Aux réflexions qui précèdent et que nous avons empruntées à Shaw, nous pouvons ajouter cet autre détail de physiologie musculaire, découvert par Duchenne (de Boulogne), à savoir que le muscle sacro-lombaire, joint à la portion lombaire du long-dorsal, se contracte, sous l'influence du courant électrique et de la volonté, isolément et d'une façon indépendante de la portion dorsale du long-dorsal et du muscle cervical descendant. On conçoit d'après cela que, d'un côté, la portion lombaire des muscles spinaux postérieurs puisse se contracter, alors que, de l'autre, la portion dorsale des mêmes muscles agit seule. Par suite, on constate que les muscles prédominants sont précisément ceux qui correspondent à la concavité, et les plus faibles, ceux qui occupent la convexité de la courbure latérale du rachis. Ce fait mérite qu'on s'en souvienne toutes les fois qu'il s'agit d'employer, dans le traitement des scolioses, les courants électriques ou tout autre moyen, tel que la gymnastique, en vue de renforcer les muscles devenus faibles.

Tel serait le mécanisme des diverses courbures dites physiologiques du rachis. Quoi qu'il en soit, celles-ci, généralement peu accusées chez les individus forts, s'accentuent, avons-nous dit, de plus en plus à mesure que les systèmes musculaire et ligamenteux perdent de leur force. C'est ainsi qu'on voit se constituer, par degrés insensibles, de véritables difformités vertébrales connues sous le nom de courbures pathologiques du rachis et dont nous allons nous occuper actuellement.

Division. - Les courbures pathologiques du rachis se divisent en idiopathiques et en symptomatiques, suivant qu'elles constituent toute la maladie ou qu'elles ne sont que la conséquence d'une altération, telle que frac ture, déplacement, inflammation ou carie d'une ou de plusieurs des pièces osseuses ou ligamenteuses qui constituent le rachis.
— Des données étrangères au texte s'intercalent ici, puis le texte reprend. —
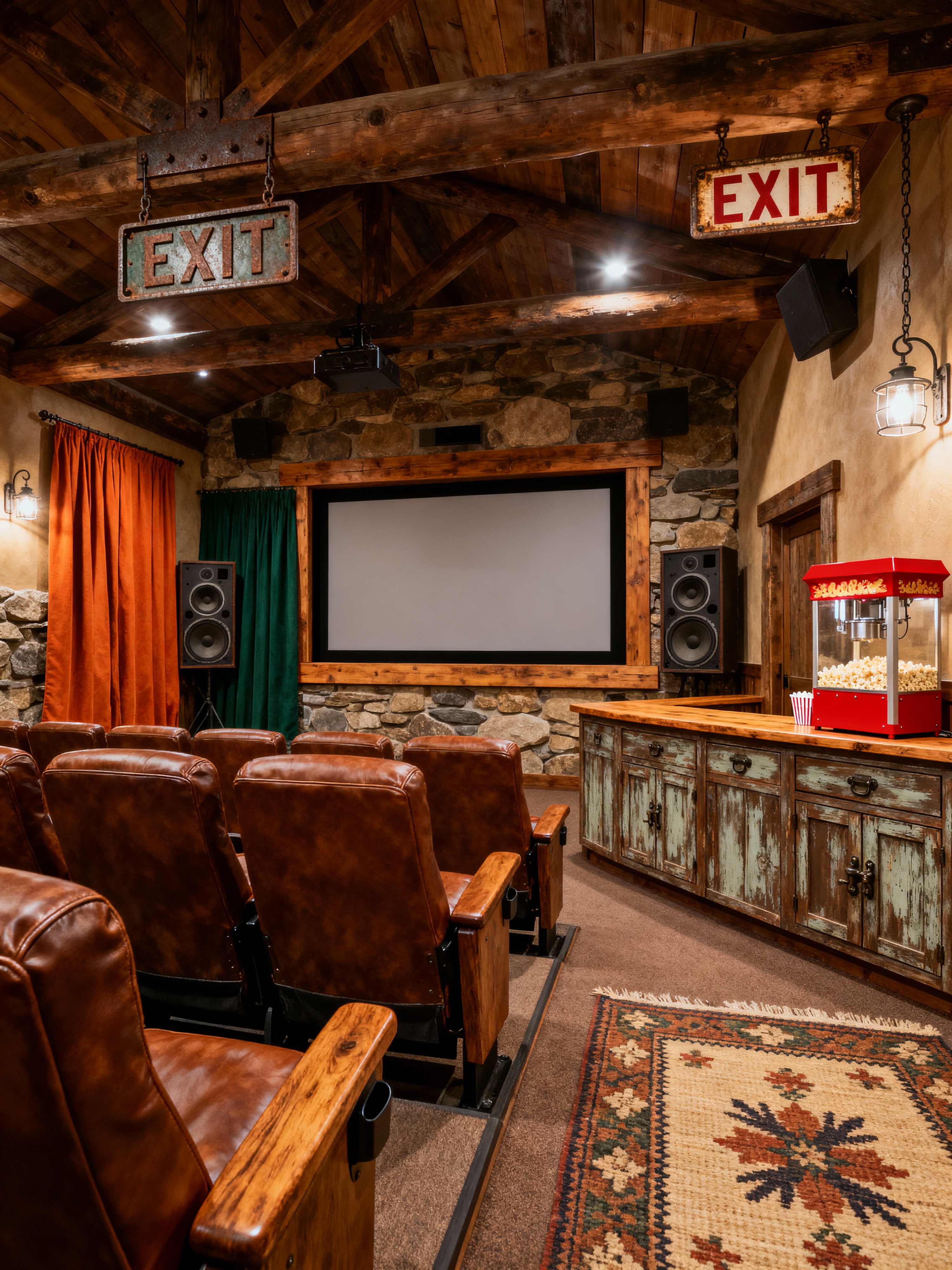 cinema with rustic style with theater seats and exit signs and curtains and dim lighting and concession stand and popcorn machine and movie screen and surround sound speakers. . with exposed beams and warmth and stone accents and earthy tones and country style and cozy cabin and woven textures and iron fixtures

Les premières seules vont nous occuper ici: nous renverrons, pour les autres, aux articles FRACTURES, LUXATIONS, OS (ostéite), RACHITISME, etc., de ce Dictionnaire.

Des courbures idiopathiques du rachis. - Classification. Ces courbures peuvent se faire en différents sens en avant, en arrière ou sur le côté; de là les noms de cyphose, de lordose et de scoliose, qui leur ont été imposés respectivement dès la plus haute antiquité. Comme la scoliose est de beaucoup la plus fréquente et la plus importante de ces difformités, c'est par sa description que nous commencerons.
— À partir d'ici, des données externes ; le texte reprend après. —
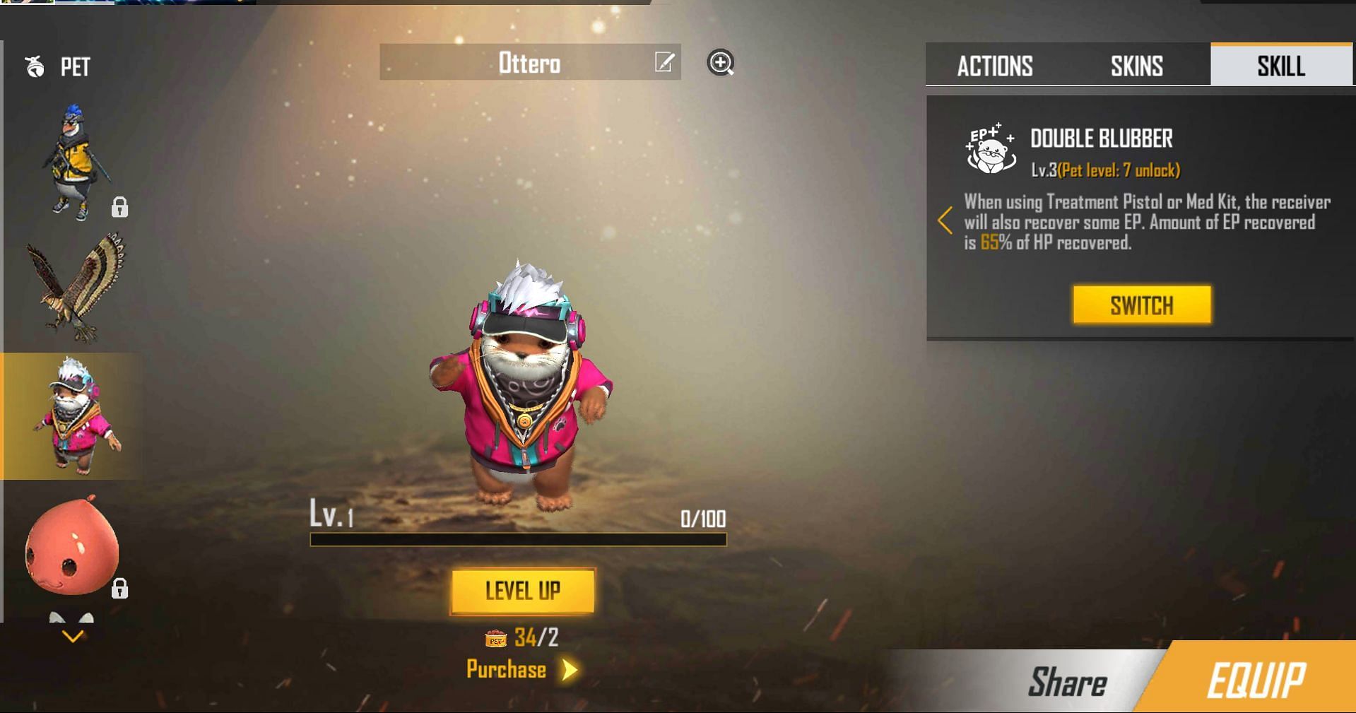 Ottero is another excellent pet that is on par with Detective Panda in Free Fire, and players recover a certain amount of EP when using a Treatment Pistol or a Medkit.
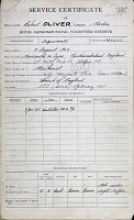 (OR01-OR02) Certificate of Service - pages 1 and 2 (OR03) Commanding Officers report in the death of ERA Oliver (OR04) Letter to ERA Oliver's widow

I. DE LA SCOLIOSE. - Sous le nom de scoliose, de axis, sinueux, tortu, on comprend les déviations latérales pathologiques du rachis.

Nous avons vu précédemment que la colonne vertébrale présentait, à l'état normal, des inflexions latérales et nous avons cherché à en préciser le mode de production. Il convient d'ajouter ici que c'est à l'exagération

de ces courbures qu'est dù le développement de la plupart des scolioses pathologiques, et non au rachitisme, ainsi qu'on l'a répété trop longtemps. Pour s'en convaincre, il suffit de se rappeler que le rachitisme est une maladie du premier àge, qui ne se prolonge guère au delà des deux premières années, tandis que la scoliose ne se montre d'ordinaire qu'entre sept et dix ans. Sans doute, on observe çà et là quelques cas de scoliose dépendant du rachitisme ou de l'ostéomalacie, de même qu'on voit des inflexions latérales du rachis naître à la suite d'un épanchement pleurétique abondant en voie de résorption; mais ces cas, comparés aux autres, constituent une exception, et peuvent être rangés dans une classe à part, celle des scolioses dites symptomatiques ou consécutives. Disons, en terminant, qu'il existe également une variété rare de scoliose congenitale. Ce qui va suivre s'applique principalement à la scoliose proprement dite ou idiopathique, dont nous allons retracer les caractères.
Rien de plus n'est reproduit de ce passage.